*BRIEF*
Only the lines below from the one with "Markets woke up" through the one with "各有關會員單位 : 為幫助施工企業提高信用評價水平和信用管理能力,推動工" are to be written out, exactly and without any images.

*EXERCISE MATERIALS*

□ □ □ □ □ □ □

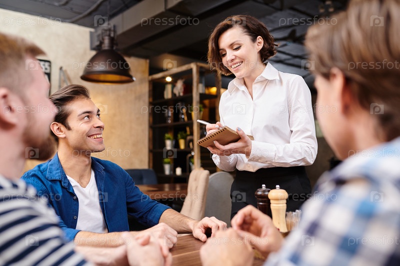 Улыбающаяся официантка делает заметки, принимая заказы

□ □ □ □ □ □ □

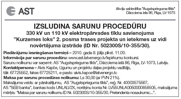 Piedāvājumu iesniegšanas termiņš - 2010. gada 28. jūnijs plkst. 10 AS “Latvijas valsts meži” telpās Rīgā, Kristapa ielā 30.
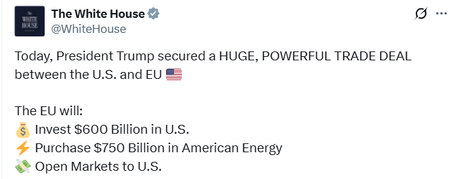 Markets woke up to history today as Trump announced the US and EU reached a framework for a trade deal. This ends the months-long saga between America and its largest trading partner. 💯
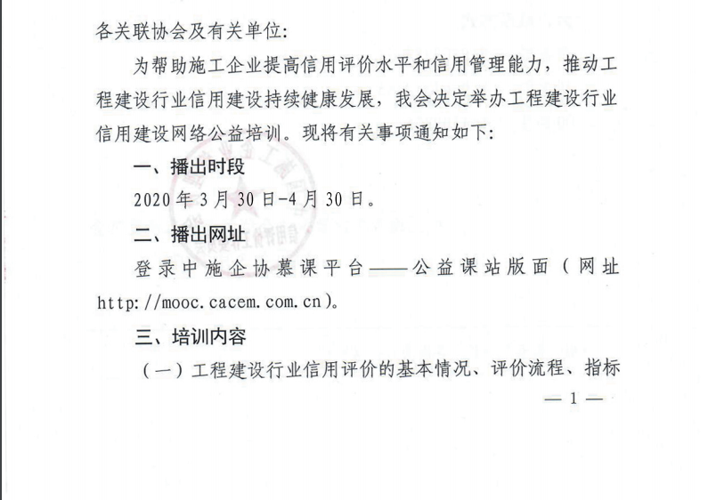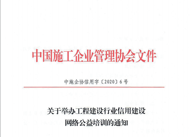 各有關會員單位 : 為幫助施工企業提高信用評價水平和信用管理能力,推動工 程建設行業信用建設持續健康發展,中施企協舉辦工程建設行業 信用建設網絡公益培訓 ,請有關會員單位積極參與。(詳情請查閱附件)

□ □ □ □ □ □ □

*FINISHED EXERCISE*
 Markets woke up to history today as Trump announced the US and EU reached a framework for a trade deal. This ends the months-long saga between America and its largest trading partner. 💯
 各有關會員單位 : 為幫助施工企業提高信用評價水平和信用管理能力,推動工 程建設行業信用建設持續健康發展,中施企協舉辦工程建設行業 信用建設網絡公益培訓 ,請有關會員單位積極參與。(詳情請查閱附件)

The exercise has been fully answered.